The stack is being built in pieces. The current public runtime most directly testing this direction is:

That repo is where the persistent runtime, directives, memory handling, validation, archive behavior, optional adapters, and self-improvement scaffolding are being hardened in practice.

Where AGI_Photon-Quantum-Computing fits

AGI_Photon-Quantum-Computing sits in the stack as a forward research layer for the compute/control side of the system.

Its role is not to replace the proto-AGI loop. Its role is to explore a future substrate where:

  • cognition can be accelerated through photon or photon-inspired computation ideas
  • a single source of truth can coordinate multiple devices, lab systems, or external executors
  • hardware control can remain grounded in the same receipt, directive, and state model as the software runtime
  • the wider ARC / Synth ecosystem can eventually extend beyond pure software execution

In practical stack terms:

  • Proto-AGI defines the operating loop
  • ARC defines memory, receipts, and structured state
  • Lucifer runtime hardens persistent execution and directives
  • Turbo OS explores branch-aware reuse and jump-to-end acceleration
  • Arc-RAR handles packaging, writing, archival, and cross-platform control flows
  • AGI_Photon-Quantum-Computing explores the future compute/control substrate
  • Synth provides the world/runtime execution space
  • Seeded Universe becomes the first large-scale proving ground for the full direction

This makes AGI_Photon-Quantum-Computing part of the stack’s future cognition and orchestration layer, especially for long-run scenarios involving lab hardware, external machines, or high-speed control systems.


Long-Run Research Goal of the Seeded Universe Direction

The long-run goal of the Seeded Universe Recreation Engine is not just to generate worlds visually.

It is to test a deeper hypothesis:

if enough of the lawful mathematical structure of reality is recreated faithfully enough, then increasingly complex emergent systems — and potentially life-like or intelligent systems — may arise from the simulation itself rather than being manually scripted.

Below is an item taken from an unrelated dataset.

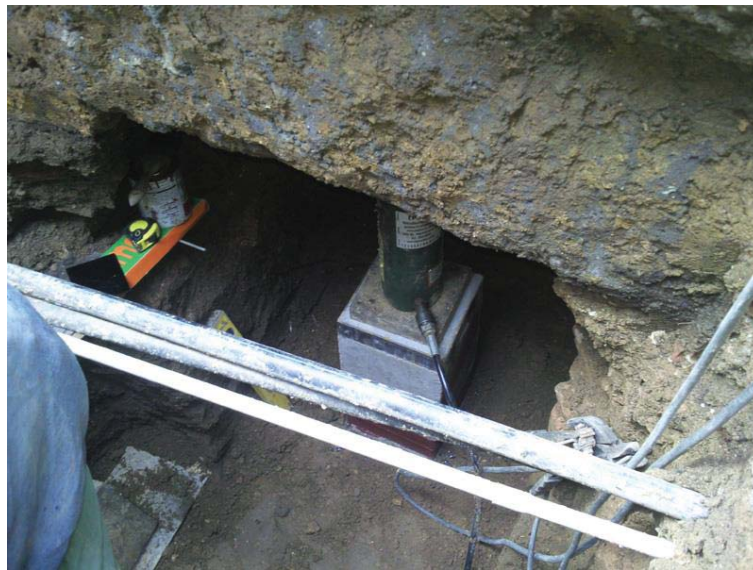
Slika 5. Utiskivanje betonskih prefabrikovanih elemenata "MEGA" šipova

This is not presented as a solved claim. It is a research direction.

The theory behind it is:

  • reality appears to be governed by consistent rules
  • matter, energy, time, motion, pressure, chemistry, and environmental constraints interact under those rules
  • life in our universe appears to have emerged from lawful conditions rather than being hand-authored
  • therefore, if a synthetic universe reproduces enough of the relevant lawful structure at enough fidelity, emergence of increasingly complex systems may become possible

Under this view, a serious seeded universe would need to model more than visuals. It would need to progressively recreate the underlying relationships that make emergence possible, such as:

  • causality
  • time
  • energy transfer
  • chemistry-like interaction
  • gravity / pressure / motion
  • environmental stability and instability
  • information persistence
  • selection pressures
  • long-run state evolution

The core research belief is:

if reality is governed by consistent mathematics, then recreating enough of those mathematics may eventually recreate the conditions from which life can emerge.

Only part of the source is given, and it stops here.